Three or four years ago, I would’ve said that my work on resilience was driven by my graduate degree, pre- and post-doc fellowships in neuropsychology, and working with people living with brain and spinal cord injuries and with women living in rural Maryland who were experiencing financial instability. But truly, resilience found me when I was 14 years old. I was in my childhood bedroom getting dressed for school when I saw a face at the bottom of my window and then heard a voice say, “Take off your clothes. You’re beautiful.”

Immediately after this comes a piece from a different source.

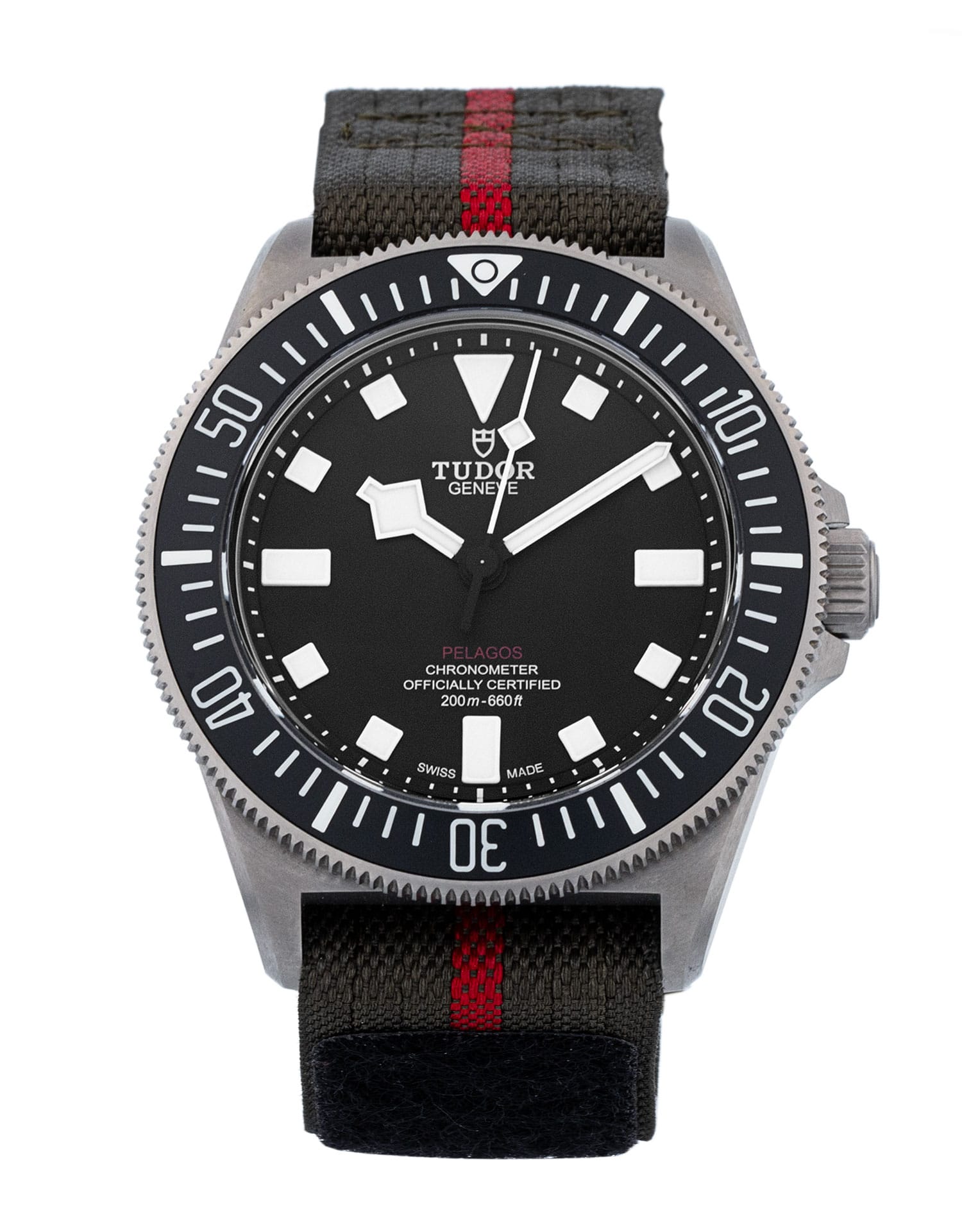 This Tudor Pelagos FXD M25717N-0001 has a black dial and a fabric strap. This Tudor has undergone a thorough inspection of water resistance, accuracy, functionality and condition to determine the level of reconditioning required to meet our strict standards. It has also been referenced against technical documents and manufacturer records where available to ensure authenticity and a clean history. Our watches have a 24-month warranty for your peace of mind, in conjunction with any remaining manufacturer’s warranty from new or from service. To maintain the manufacturer’s warranty on this watch, it has not been polished in our service centre.
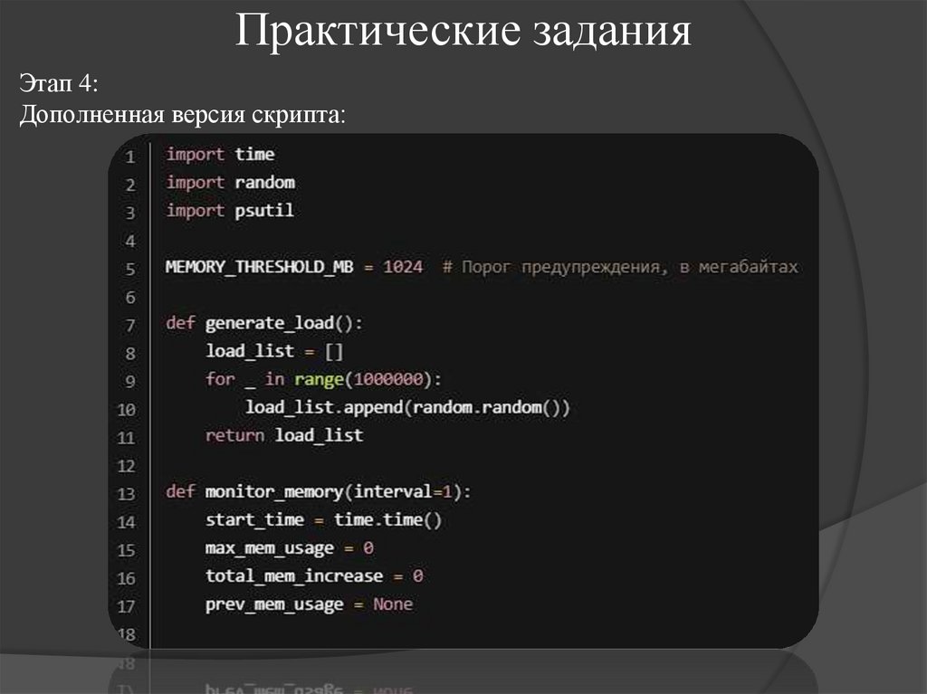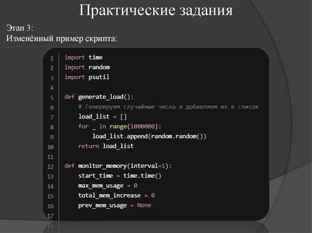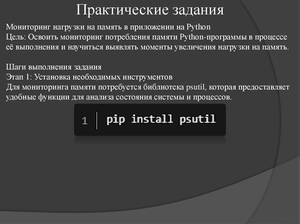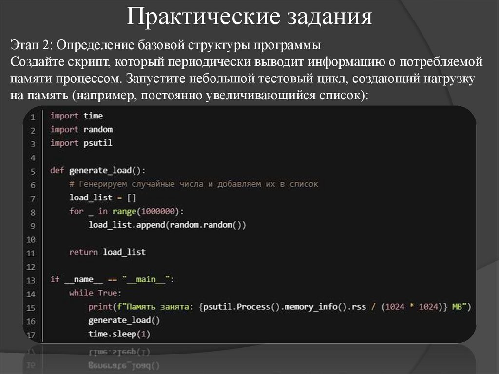 Практические заданияМониторинг нагрузки на память в приложении на Python

My book goes in-depth about my [recurring] stalker and my resulting PTSD, but I’ve come to realize that my pursuit of resilience was impacted by that childhood experience. I wanted to take my personal experience and not only understand how people effectively face challenges, but create something that others could benefit from when they inevitably face the three Cs. To me, it’s powerful to take your pain, disorientation, or feelings of loneliness and transmute it into something that’s productive and supportive for yourself and others.

Your book outlines five practices of highly resilient people: vulnerability, productive perseverance, connection, grati-osity (gratitude and generosity), and possibility. How did you come up with them?
I took about two decades of qualitative inquiry to understand the behaviors of being resilient so that people could tap into their innate resilience more effectively. I wanted there to be a blueprint for when people ask, “What am I supposed to do?” when faced with the three Cs. My research involved hundreds of interviews and an abundance of data collection from memoirs, podcasts, journals, documentaries, etc., and I noticed the five practices emerge from all of that.

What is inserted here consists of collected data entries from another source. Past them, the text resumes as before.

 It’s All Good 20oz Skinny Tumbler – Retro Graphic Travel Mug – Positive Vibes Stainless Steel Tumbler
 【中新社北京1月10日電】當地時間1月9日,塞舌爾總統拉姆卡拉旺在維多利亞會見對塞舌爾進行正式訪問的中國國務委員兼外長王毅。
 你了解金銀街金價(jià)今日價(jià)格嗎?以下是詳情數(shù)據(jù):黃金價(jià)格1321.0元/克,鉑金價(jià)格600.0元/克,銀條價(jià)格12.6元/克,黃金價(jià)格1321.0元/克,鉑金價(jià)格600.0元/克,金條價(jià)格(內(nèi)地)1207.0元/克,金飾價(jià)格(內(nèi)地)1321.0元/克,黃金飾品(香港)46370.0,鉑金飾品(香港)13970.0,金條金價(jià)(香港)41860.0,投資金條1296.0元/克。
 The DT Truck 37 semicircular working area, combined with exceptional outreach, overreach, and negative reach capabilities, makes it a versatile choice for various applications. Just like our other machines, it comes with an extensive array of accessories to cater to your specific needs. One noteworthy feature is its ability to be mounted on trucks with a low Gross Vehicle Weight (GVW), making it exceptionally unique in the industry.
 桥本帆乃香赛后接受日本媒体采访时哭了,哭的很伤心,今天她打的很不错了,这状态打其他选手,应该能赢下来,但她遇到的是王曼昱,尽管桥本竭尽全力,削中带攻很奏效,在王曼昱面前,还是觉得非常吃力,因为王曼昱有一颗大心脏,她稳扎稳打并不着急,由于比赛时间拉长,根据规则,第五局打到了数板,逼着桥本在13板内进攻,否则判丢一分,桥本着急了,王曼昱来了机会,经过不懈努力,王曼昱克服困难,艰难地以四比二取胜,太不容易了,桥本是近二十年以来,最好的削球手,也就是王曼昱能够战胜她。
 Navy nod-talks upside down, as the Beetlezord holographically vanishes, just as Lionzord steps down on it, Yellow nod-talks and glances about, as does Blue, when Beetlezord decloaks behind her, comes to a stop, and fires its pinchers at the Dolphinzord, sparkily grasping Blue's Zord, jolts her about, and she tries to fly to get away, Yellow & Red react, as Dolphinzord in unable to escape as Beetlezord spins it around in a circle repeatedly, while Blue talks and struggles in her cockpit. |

Of the five, which practice do you believe is the most challenging?
I want any person who reads the book to take the five practices and make them their own. I’ve created the framework, yes, but it’s up to every person how they want to employ it.

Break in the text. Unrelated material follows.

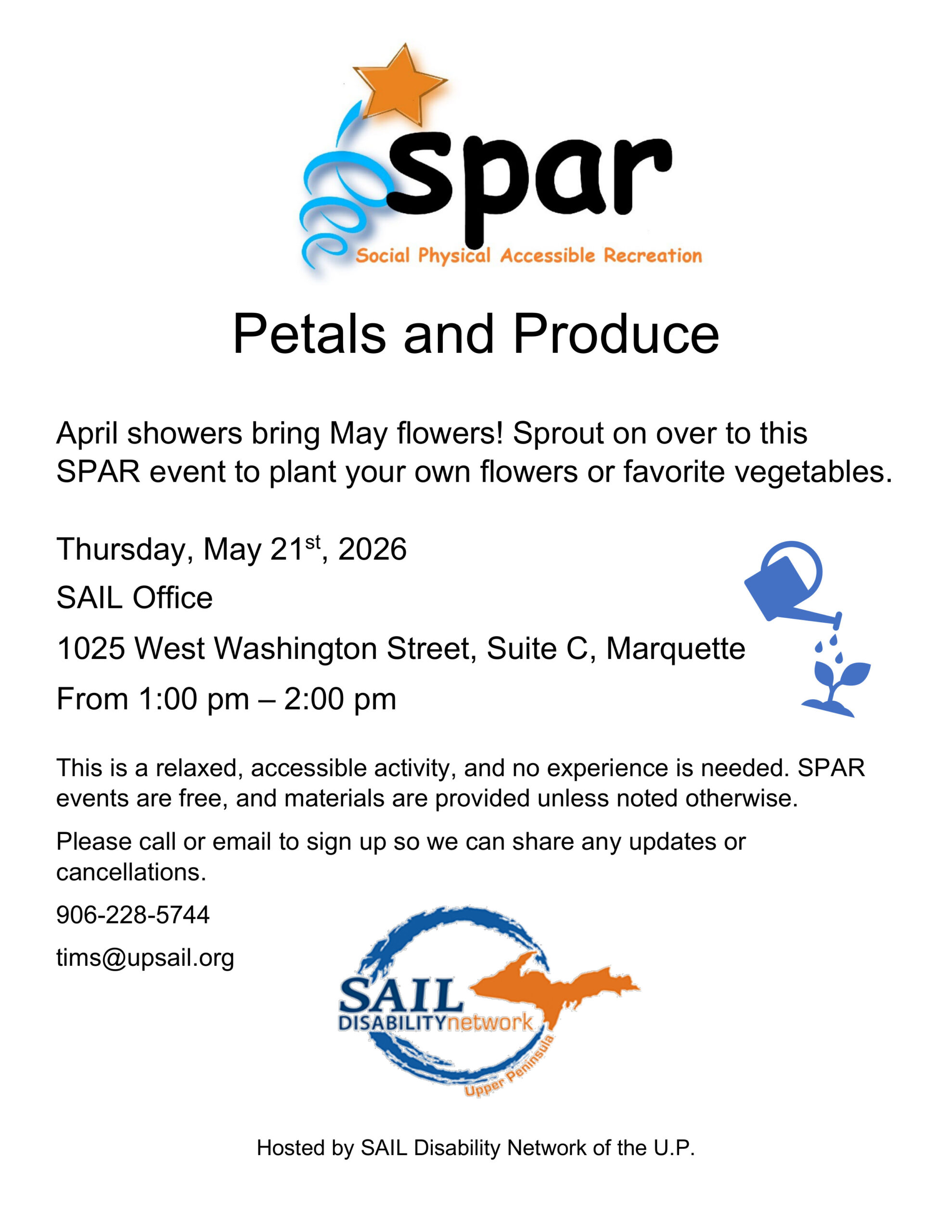 Image description begins. The text on the SPAR flyer reads. Petals and Produce. April showers bring May flowers! Sprout on over to this SPAR event to plant your own flowers or favorite vegetables on Thursday, May 21st, 2026, from 1:00 pm to 2:00 pm, at the SAIL Office, located at 1025 West Washington Street, Suite C, in Marquette. This is a relaxed, accessible activity, and no experience is needed. SPAR events are free, and materials are provided unless noted otherwise. To sign up and be notified of updates or cancellations, please call 906-228-5744 or email tims@upsail.org. Hosted by SAIL Disability Network of the U.P. Image description ends.

For me, the most challenging one has been vulnerability. I was put in a vulnerable position growing up, which led to my PTSD. For a long time, I thought the cure was making myself invulnerable because I was afraid that people wouldn’t like me or they’d leave me. But I found the opposite to be true: Demonstrating vulnerability — having my inside self match my outside self, or the person I am to the rest of the world — was a hallmark of creating a more positive and productive outcome.

I recently stumbled upon an Instagram post that read, “Resilience should not be a life sentence.” I DM’d the original poster and asked what that statement meant, and they replied, “It means resilience is not the end goal. We should create a world where children don’t have to be resilient. We should fix systems that tell people they have to be resilient.” It made me think about the responsibility systems of power have when it comes to mitigating situations that essentially force people to harness their resilience.
First, I think this goes back to our conversation about the term being misunderstood and misused. People don’t relate to a lot of the work that’s being done or has been done on resilience because it whitewashes the pain, struggle, and messiness of life. When we don’t give resilience — and our fellow humans — the respect of the gritty, awful, tough reality, it sends the message that people aren’t allowed to fall apart.

Like resilience itself, the three Cs — challenge, change, and complexity — are part of the fabric of being human. Even though the three Cs are inevitable, society has a role in creating an experience that doesn’t necessarily require people to constantly demonstrate resilience. What that post seems to be saying is we shouldn’t have to go through hard things, but my perspective is that we shouldn’t needlessly have to go through hard things. Do we need to fix some really broken things in the world, like gun violence in schools and communities? Absolutely yes.

This interview has been edited for length and clarity.